In a new report, U.S. Department of Agriculture Economic Research Service economists Claudia Hitaj, Jeremy Weber and Ken Erickson quantify the farm sector’s oil and gas wealth and income, including the extent that farm operators and landlords own the rights to the oil and gas beneath their land, the value of the rights and the timing and prevalence of leasing with energy firms. Since oil and gas production is expected to grow by 23 percent from 2016 to 2025, the effect of such income could be significant.

How was the study conducted?

Farm and landlord-level information from USDA-ERS and USDA-National Agricultural Statistics Service, 2014 Tenure, Ownership, and Transition of Agricultural Land survey was used to quantify the role of ownership of oil and gas rights in the income and wealth of farm operators and landlords. The 2014 TOTAL survey was the first time that a USDA survey collected information on the ownership and leasing of oil and gas rights.
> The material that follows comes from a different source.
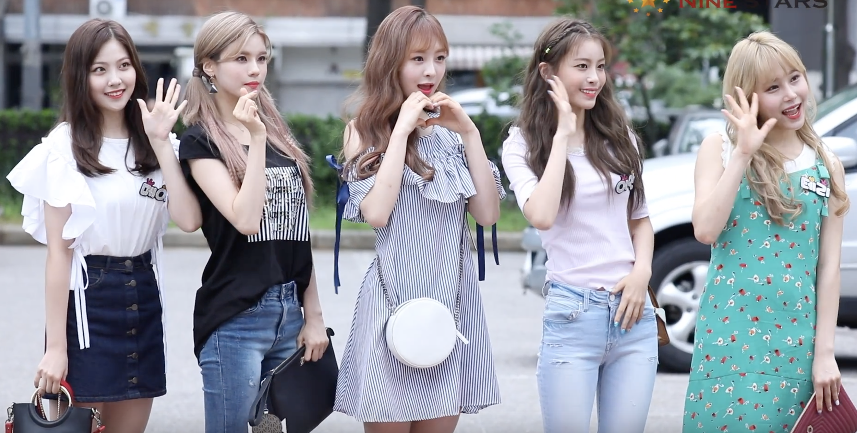 South Korean girl group Neon Punch in July 2018

The study also uses information on oil and gas production from an ERS data product on county-level oil and gas production, and from Drillinginfo.com, accessed by author Jeremy Weber, and information on land in farms from the USDA, NASS 2012 Census of Agriculture.

Operators

Farm operators owned $19.1 billion in oil and gas rights in 2014. In counties with oil and gas production, farm operators’ oil and gas rights amounted to 3 percent of the value of land owned, and in the high-production states of Oklahoma and Pennsylvania, those shares were 7 percent and 9 percent of the value of land owned, respectively.

Nationally, oil and gas rights generated $3.8 billion in payments in 2014, equal to about 4 percent of net cash farm income. In oil and gas counties, payments represented 11 percent of those counties’ net cash farm income, and in Oklahoma, Pennsylvania and Texas, payments represented almost 30 percent of those states’ net cash farm income.
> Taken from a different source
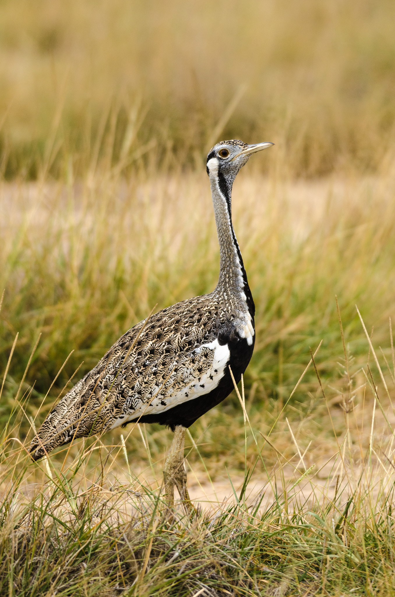 Shot in Amboseli National Park, Kenya

In the oil and gas counties, 11 percent of farm operators reported owning oil and gas rights with positive value, and in Oklahoma and Pennsylvania, the share reached 14 percent.

Much of the leasing of oil and gas rights to energy firms by farm operators has occurred with the recent growth in drilling in shale formations. Of the operators who leased out their oil and gas rights in 2014, more than 27 percent signed leases after 2011, and 44 percent signed after 2008.
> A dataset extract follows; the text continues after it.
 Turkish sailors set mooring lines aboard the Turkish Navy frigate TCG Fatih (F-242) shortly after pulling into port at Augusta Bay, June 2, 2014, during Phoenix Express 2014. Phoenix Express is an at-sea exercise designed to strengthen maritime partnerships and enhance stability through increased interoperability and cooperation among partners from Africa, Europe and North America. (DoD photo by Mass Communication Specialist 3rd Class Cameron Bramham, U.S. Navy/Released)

Consistent with the timing of leasing, drilling, and production, operators who leased their rights between 2006 and 2008 reported the highest mean and median energy payments in 2014, at nearly $90,000 and $30,000 for the year.

Non-operator landlords

Non-operator landlords reported holding $13.8 billion in oil and gas rights in 2014. Nationally, about 5 percent of non-operator landlords owned these rights, and for those with land in oil and gas counties, that share was 13 percent.

Oil and gas payments generated $3.6 billion for these landlords in 2014 and represented large shares of net cash farm income: 17 percent nationally, 37 percent in oil and gas counties, and 60/70 percent in Texas and Oklahoma, respectively. For landlords, “net cash farm income” comprises rent and other payments, including (for those who possess oil and gas rights) oil and gas payments.

Although non-operator landlords owned only 31 percent of total farmland in 2014, they received about 49 percent of total oil and gas payments going to farmland owners. One possible explanation is that non-operator landlords are more likely than farm operators to lease out their oil and gas rights or to negotiate lease terms that provide greater compensation.

Most farm operators and non-operator landlords do not own the oil and gas rights associated with their land and are thus unable to receive payments. In the 1,080 counties with oil and gas production in 2014, only 13 percent of non-operator landlords and 10 percent of farm operators (including both owner-operators and renters) reported receiving oil or gas payments.

In 2014, farm operators and non-operator landlords owned $32.9 billion in oil and gas rights that generated $7.4 billion in payments through leases with energy firms, which represented almost 17 percent of total net cash farm income for farm operators and non-operator landlords in oil- and gas-producing counties.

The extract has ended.